Disclosure: The views and opinions expressed herein are solely those of the author and do not represent the views and opinions of the crypto.news editorial.

The scientific method has been our guiding light for centuries, illuminating the path to countless theoretical discoveries and practical innovations. However, while the fundamental tenets of the scientific method remain true, the structures that support this process of discovery – particularly today’s academic publishing models and research funding mechanisms – are increasingly seen as relics of a bygone era.

The rise of decentralized science, or DeSci, offers a promising avenue to modernize these systems, providing new solutions for a wide range of scientific stakeholders. By providing new ways to connect, share, and discover the next frontiers of scientific knowledge, web3-enabled DeSci projects are working to fix today’s flawed incentive structures and foster more effective forms of scientific discovery that meet the needs of our time.

Take, for example, today’s academic funding process. Traditional funding mechanisms often reward researchers for obtaining funding rather than producing impactful research. This has had a disproportionate impact on sectors such as drug development, which has traditionally been an incredibly expensive and risk-filled endeavor, often monopolized by large companies with the financial muscle to go through the lengthy process.

To offset this funding imbalance, a new wave of crowdfunding platforms DeSci e decentralized autonomous organizations (DAO), unlocking a broader base of financial support.

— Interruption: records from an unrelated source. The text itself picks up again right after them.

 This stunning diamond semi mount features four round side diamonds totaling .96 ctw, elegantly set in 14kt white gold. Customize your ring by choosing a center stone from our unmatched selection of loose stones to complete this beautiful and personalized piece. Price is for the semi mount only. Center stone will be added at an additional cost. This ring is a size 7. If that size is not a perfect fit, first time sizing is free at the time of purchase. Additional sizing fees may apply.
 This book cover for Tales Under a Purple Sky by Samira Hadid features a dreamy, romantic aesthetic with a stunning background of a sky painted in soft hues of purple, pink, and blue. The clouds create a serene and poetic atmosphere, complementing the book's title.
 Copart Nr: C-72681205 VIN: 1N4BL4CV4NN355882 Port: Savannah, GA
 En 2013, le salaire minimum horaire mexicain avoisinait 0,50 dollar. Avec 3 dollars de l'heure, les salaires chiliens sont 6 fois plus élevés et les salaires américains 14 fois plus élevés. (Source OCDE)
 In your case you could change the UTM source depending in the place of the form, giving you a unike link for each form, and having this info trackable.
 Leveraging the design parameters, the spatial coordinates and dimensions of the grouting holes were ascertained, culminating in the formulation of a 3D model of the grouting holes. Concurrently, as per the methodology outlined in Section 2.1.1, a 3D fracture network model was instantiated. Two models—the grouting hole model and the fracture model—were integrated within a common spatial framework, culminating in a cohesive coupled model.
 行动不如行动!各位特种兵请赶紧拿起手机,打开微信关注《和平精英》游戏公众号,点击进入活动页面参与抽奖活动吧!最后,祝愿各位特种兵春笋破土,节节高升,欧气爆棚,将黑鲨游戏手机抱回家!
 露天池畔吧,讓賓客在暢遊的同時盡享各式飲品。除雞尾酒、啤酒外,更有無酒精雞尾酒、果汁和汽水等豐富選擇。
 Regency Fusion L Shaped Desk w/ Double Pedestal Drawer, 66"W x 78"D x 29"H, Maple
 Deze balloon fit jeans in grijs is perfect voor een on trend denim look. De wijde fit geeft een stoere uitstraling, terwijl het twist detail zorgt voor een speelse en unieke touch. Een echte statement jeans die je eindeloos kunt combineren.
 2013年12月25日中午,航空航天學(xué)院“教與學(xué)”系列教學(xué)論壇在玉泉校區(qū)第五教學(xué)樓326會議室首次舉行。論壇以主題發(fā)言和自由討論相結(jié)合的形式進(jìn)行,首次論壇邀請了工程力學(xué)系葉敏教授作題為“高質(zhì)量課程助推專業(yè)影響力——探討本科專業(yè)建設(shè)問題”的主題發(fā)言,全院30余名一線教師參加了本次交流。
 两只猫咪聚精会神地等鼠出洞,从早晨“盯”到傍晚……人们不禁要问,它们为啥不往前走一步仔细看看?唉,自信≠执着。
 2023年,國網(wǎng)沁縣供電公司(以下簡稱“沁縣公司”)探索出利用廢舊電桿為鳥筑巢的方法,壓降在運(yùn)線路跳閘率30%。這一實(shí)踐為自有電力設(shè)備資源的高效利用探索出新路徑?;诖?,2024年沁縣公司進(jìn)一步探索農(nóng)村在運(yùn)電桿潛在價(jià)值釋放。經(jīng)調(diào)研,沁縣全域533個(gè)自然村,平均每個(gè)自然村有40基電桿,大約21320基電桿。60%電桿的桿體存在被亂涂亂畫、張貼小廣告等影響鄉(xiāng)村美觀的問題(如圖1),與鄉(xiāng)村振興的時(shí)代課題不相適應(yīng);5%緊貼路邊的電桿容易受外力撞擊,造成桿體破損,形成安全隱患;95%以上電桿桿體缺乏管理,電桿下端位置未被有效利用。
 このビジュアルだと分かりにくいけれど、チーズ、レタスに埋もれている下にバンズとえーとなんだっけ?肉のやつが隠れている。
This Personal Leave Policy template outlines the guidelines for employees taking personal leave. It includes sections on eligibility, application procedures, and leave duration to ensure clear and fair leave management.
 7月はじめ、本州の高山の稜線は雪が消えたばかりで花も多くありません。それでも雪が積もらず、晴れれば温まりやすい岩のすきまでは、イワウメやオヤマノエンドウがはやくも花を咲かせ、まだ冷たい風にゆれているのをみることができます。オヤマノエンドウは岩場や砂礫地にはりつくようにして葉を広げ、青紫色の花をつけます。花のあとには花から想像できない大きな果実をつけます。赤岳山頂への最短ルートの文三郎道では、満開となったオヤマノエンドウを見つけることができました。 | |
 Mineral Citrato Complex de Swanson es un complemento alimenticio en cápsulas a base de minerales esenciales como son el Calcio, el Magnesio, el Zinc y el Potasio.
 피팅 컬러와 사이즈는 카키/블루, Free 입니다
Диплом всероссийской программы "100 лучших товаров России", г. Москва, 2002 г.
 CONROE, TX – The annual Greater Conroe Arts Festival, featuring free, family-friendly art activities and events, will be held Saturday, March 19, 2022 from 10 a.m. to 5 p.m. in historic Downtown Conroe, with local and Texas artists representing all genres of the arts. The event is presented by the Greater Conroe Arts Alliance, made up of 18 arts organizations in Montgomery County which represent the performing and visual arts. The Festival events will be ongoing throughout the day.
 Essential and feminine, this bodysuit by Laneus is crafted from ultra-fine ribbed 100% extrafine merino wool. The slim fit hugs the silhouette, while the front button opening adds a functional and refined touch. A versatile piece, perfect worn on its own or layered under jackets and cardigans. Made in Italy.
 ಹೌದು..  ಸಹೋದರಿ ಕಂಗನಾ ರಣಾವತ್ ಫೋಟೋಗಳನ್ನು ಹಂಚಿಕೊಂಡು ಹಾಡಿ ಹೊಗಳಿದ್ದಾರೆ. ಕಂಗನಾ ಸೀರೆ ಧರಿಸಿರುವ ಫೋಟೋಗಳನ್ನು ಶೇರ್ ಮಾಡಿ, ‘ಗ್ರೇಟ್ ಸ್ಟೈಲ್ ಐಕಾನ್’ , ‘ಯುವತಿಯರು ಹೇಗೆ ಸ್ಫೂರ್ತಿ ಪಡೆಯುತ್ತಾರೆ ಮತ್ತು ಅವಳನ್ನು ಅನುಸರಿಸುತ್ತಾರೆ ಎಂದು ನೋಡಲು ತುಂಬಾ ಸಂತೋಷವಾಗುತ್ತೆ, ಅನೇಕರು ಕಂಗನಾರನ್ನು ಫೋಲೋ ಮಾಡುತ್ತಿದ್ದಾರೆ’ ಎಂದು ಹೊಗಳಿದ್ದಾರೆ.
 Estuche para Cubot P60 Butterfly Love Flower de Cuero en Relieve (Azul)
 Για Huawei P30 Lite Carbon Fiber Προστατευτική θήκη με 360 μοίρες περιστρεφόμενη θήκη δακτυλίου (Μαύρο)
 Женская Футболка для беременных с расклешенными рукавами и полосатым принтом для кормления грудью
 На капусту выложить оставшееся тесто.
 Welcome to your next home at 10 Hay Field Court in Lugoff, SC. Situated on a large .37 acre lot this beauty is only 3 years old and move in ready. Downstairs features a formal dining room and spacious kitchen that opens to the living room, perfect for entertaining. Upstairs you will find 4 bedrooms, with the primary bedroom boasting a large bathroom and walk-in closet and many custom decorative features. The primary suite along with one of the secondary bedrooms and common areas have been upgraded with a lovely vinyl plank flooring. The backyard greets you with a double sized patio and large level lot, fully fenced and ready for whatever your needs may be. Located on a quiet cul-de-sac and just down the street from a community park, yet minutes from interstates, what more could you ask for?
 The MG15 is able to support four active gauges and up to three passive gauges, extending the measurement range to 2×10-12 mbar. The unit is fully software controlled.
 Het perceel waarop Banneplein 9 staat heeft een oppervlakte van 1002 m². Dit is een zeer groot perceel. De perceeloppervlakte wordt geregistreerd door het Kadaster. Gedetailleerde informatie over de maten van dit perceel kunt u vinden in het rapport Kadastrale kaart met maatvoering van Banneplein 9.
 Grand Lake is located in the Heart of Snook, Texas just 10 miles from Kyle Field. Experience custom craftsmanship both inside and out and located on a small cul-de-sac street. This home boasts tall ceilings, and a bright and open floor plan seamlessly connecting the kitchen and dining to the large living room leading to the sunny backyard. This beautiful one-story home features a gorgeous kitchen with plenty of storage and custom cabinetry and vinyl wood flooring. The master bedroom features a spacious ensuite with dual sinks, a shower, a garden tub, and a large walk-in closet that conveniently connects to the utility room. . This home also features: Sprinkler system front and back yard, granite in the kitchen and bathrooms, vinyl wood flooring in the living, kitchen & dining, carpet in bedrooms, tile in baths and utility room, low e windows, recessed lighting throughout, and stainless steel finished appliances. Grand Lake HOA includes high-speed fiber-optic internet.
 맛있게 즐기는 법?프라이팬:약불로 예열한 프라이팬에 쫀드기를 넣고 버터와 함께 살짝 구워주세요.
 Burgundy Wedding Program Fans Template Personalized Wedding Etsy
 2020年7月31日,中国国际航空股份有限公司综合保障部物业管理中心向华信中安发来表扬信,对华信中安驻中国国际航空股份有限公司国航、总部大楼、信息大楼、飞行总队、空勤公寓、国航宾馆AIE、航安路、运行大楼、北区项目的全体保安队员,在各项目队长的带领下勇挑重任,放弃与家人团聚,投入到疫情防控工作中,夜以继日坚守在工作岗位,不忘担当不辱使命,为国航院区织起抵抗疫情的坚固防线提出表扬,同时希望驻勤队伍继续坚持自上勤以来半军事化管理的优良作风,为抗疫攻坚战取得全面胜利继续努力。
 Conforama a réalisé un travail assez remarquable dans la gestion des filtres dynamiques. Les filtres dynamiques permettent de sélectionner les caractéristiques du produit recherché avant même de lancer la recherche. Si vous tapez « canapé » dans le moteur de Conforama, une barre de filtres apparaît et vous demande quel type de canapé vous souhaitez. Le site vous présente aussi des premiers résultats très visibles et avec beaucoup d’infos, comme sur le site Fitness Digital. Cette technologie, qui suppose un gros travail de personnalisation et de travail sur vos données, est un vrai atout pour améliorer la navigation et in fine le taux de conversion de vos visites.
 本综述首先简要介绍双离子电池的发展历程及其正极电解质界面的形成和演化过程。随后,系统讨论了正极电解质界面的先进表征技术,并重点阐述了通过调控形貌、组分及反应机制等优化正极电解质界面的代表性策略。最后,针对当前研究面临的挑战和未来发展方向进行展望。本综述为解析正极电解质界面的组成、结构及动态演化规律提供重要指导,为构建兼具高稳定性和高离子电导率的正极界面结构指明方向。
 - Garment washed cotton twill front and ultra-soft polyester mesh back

In many cases, these community supporters are also able to contribute additional expertise and resources to the projects they support, as well as help reduce researchers’ reliance on traditional government grants and large institutional supporters. Additionally, funding models that implement smart contracts and tokenized incentives can directly tie funding to specific milestones and outcomes. This ensures that researchers are incentivized to deliver meaningful results rather than simply securing the next round of funding.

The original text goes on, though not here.